RECORD EXCERPTS:

------------

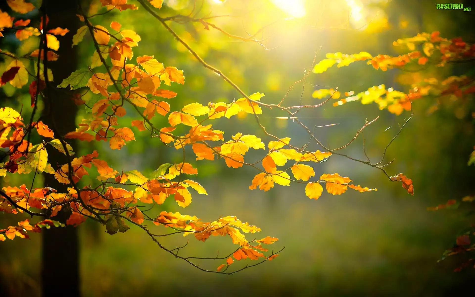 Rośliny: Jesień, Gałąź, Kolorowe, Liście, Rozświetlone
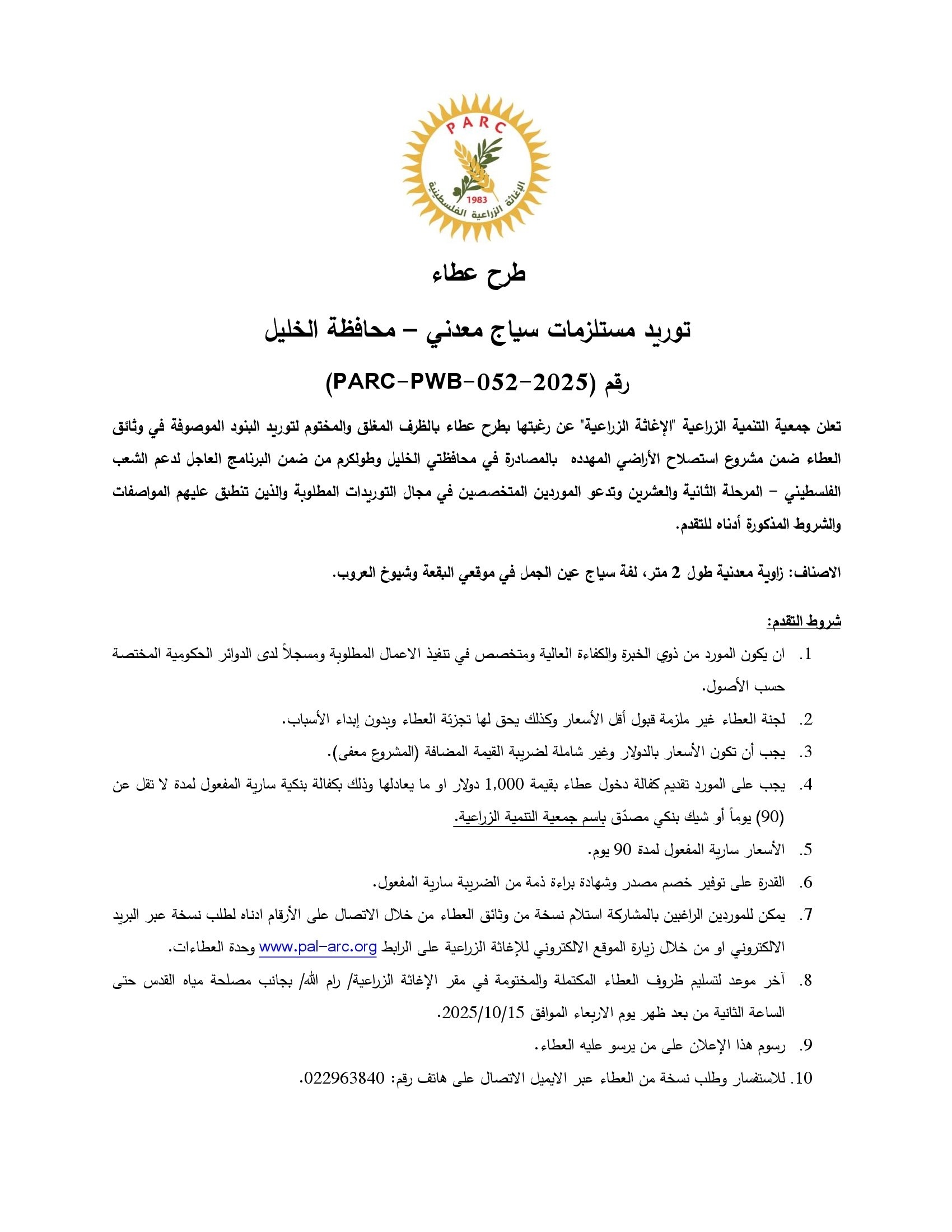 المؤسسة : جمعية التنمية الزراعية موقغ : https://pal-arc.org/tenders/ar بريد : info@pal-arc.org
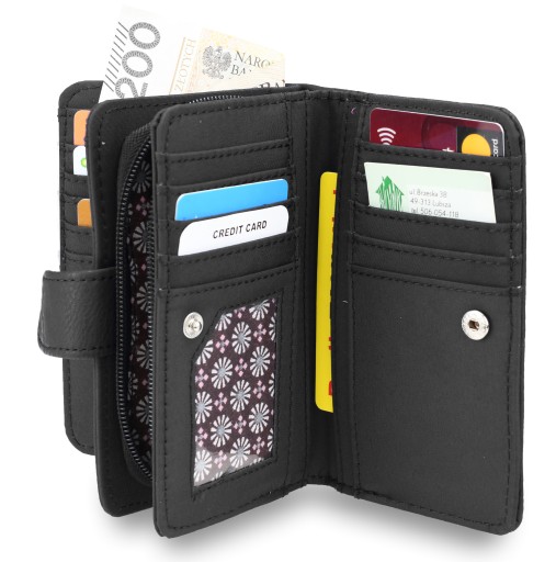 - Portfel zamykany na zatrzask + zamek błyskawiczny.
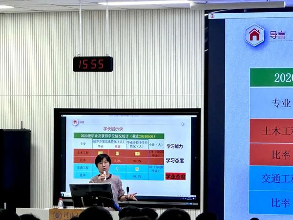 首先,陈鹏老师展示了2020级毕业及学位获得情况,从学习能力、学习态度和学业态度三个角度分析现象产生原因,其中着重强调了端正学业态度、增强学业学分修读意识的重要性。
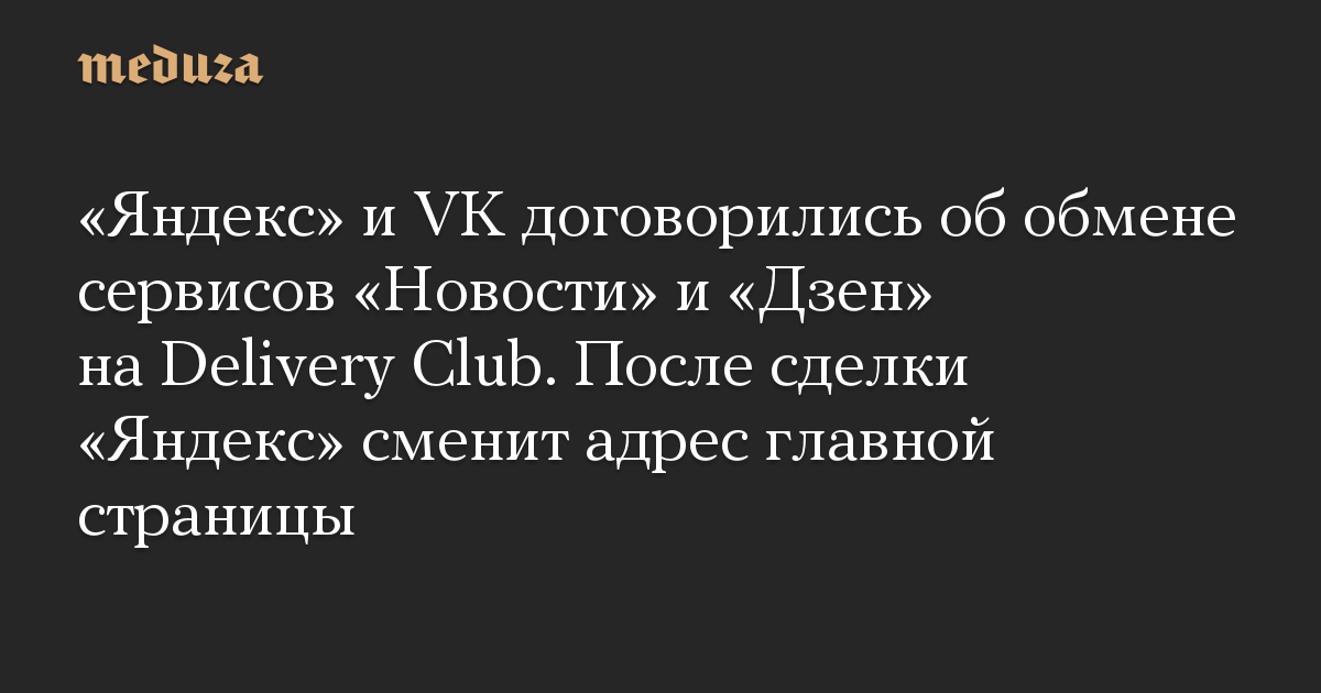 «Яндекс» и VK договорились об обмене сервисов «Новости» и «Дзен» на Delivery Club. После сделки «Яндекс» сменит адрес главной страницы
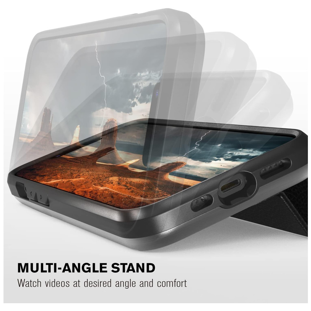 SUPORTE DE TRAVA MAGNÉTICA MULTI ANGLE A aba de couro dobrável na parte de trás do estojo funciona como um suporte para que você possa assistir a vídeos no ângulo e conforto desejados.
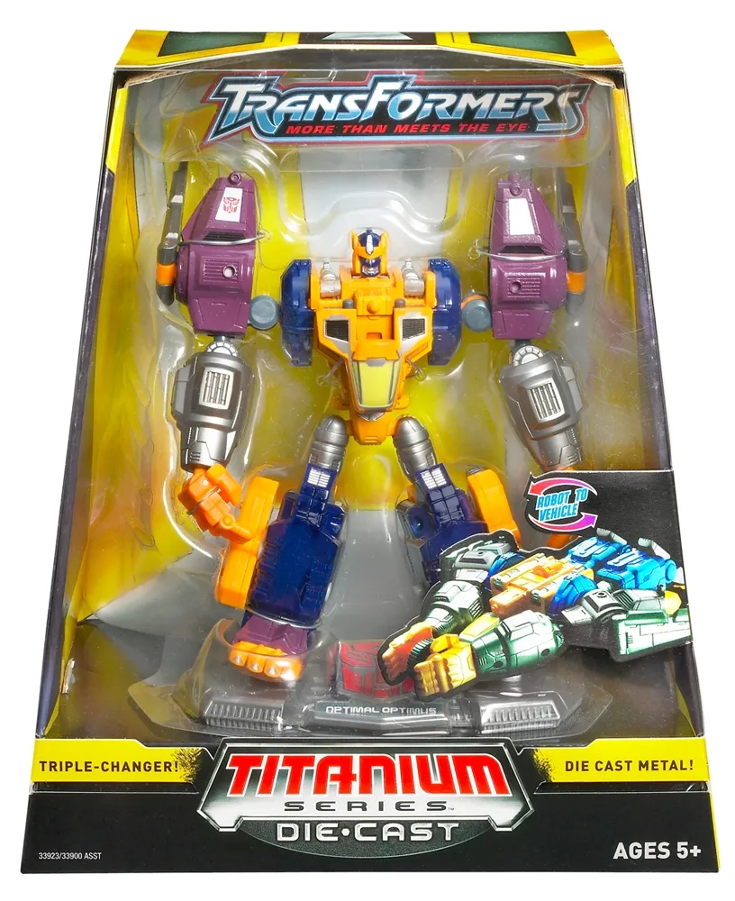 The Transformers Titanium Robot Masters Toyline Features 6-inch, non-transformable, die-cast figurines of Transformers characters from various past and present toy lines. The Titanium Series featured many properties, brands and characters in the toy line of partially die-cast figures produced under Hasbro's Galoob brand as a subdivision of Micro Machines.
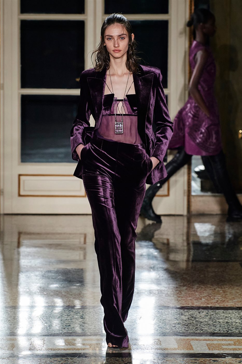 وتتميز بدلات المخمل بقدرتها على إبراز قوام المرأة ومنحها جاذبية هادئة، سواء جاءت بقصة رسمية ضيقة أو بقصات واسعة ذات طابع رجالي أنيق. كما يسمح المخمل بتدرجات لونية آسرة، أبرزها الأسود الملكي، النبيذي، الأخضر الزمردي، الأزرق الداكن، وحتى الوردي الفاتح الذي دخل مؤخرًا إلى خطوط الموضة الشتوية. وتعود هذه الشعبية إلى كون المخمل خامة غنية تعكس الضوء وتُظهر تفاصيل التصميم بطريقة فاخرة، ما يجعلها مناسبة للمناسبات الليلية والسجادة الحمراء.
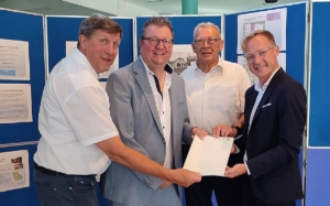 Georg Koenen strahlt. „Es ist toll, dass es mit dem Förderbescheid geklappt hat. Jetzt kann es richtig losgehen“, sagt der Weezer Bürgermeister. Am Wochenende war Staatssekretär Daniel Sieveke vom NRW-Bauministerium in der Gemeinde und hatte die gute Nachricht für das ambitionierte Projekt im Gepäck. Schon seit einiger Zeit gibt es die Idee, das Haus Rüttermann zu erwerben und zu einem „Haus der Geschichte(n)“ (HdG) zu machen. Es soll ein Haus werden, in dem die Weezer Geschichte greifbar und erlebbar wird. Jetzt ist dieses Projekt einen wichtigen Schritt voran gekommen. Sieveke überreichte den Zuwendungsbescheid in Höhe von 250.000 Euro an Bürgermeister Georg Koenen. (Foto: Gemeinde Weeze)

------------

TASK TO COMPLETE: Omit all images when repeating the data above exactly.

EXERCISE ANSWER:
 Rośliny: Jesień, Gałąź, Kolorowe, Liście, Rozświetlone
 المؤسسة : جمعية التنمية الزراعية موقغ : https://pal-arc.org/tenders/ar بريد : info@pal-arc.org
 - Portfel zamykany na zatrzask + zamek błyskawiczny.
 首先,陈鹏老师展示了2020级毕业及学位获得情况,从学习能力、学习态度和学业态度三个角度分析现象产生原因,其中着重强调了端正学业态度、增强学业学分修读意识的重要性。
 «Яндекс» и VK договорились об обмене сервисов «Новости» и «Дзен» на Delivery Club. После сделки «Яндекс» сменит адрес главной страницы
 SUPORTE DE TRAVA MAGNÉTICA MULTI ANGLE A aba de couro dobrável na parte de trás do estojo funciona como um suporte para que você possa assistir a vídeos no ângulo e conforto desejados.
 The Transformers Titanium Robot Masters Toyline Features 6-inch, non-transformable, die-cast figurines of Transformers characters from various past and present toy lines. The Titanium Series featured many properties, brands and characters in the toy line of partially die-cast figures produced under Hasbro's Galoob brand as a subdivision of Micro Machines.
 وتتميز بدلات المخمل بقدرتها على إبراز قوام المرأة ومنحها جاذبية هادئة، سواء جاءت بقصة رسمية ضيقة أو بقصات واسعة ذات طابع رجالي أنيق. كما يسمح المخمل بتدرجات لونية آسرة، أبرزها الأسود الملكي، النبيذي، الأخضر الزمردي، الأزرق الداكن، وحتى الوردي الفاتح الذي دخل مؤخرًا إلى خطوط الموضة الشتوية. وتعود هذه الشعبية إلى كون المخمل خامة غنية تعكس الضوء وتُظهر تفاصيل التصميم بطريقة فاخرة، ما يجعلها مناسبة للمناسبات الليلية والسجادة الحمراء.
 Georg Koenen strahlt. „Es ist toll, dass es mit dem Förderbescheid geklappt hat. Jetzt kann es richtig losgehen“, sagt der Weezer Bürgermeister. Am Wochenende war Staatssekretär Daniel Sieveke vom NRW-Bauministerium in der Gemeinde und hatte die gute Nachricht für das ambitionierte Projekt im Gepäck. Schon seit einiger Zeit gibt es die Idee, das Haus Rüttermann zu erwerben und zu einem „Haus der Geschichte(n)“ (HdG) zu machen. Es soll ein Haus werden, in dem die Weezer Geschichte greifbar und erlebbar wird. Jetzt ist dieses Projekt einen wichtigen Schritt voran gekommen. Sieveke überreichte den Zuwendungsbescheid in Höhe von 250.000 Euro an Bürgermeister Georg Koenen. (Foto: Gemeinde Weeze)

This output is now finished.